What you will do: Below this sentence is a listing; return exactly its lines from the one with "In this example" to the one with "Retro Halloween Wallpaper", both kept, and nothing more.

Extracted material:
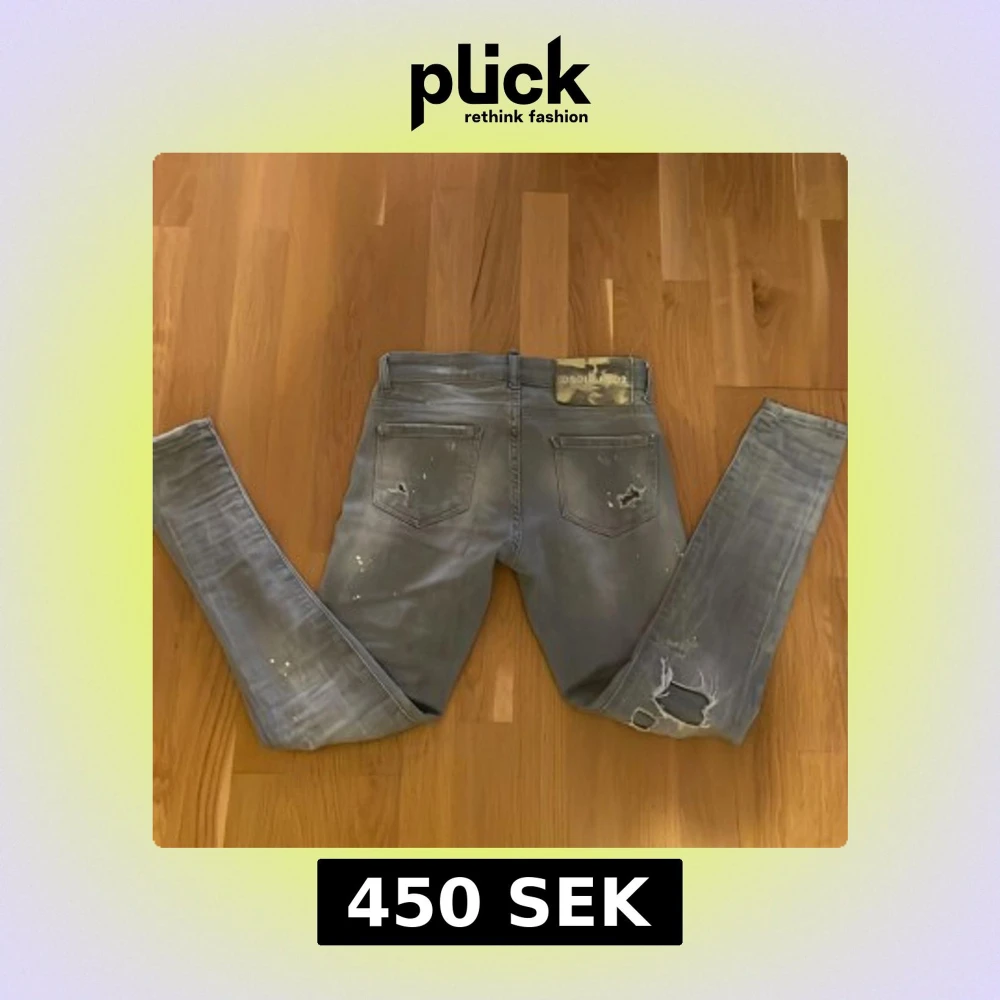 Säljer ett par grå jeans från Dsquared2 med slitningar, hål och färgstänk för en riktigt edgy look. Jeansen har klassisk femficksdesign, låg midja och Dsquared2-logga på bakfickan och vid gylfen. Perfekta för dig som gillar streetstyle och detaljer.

* * *

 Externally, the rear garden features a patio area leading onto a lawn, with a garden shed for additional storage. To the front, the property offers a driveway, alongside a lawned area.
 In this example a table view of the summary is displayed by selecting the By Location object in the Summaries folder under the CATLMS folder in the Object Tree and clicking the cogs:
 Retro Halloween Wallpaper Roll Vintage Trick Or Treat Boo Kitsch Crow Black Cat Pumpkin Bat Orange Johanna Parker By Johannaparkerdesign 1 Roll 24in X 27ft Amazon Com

Solution for this exercise:
 In this example a table view of the summary is displayed by selecting the By Location object in the Summaries folder under the CATLMS folder in the Object Tree and clicking the cogs:
 Retro Halloween Wallpaper Roll Vintage Trick Or Treat Boo Kitsch Crow Black Cat Pumpkin Bat Orange Johanna Parker By Johannaparkerdesign 1 Roll 24in X 27ft Amazon Com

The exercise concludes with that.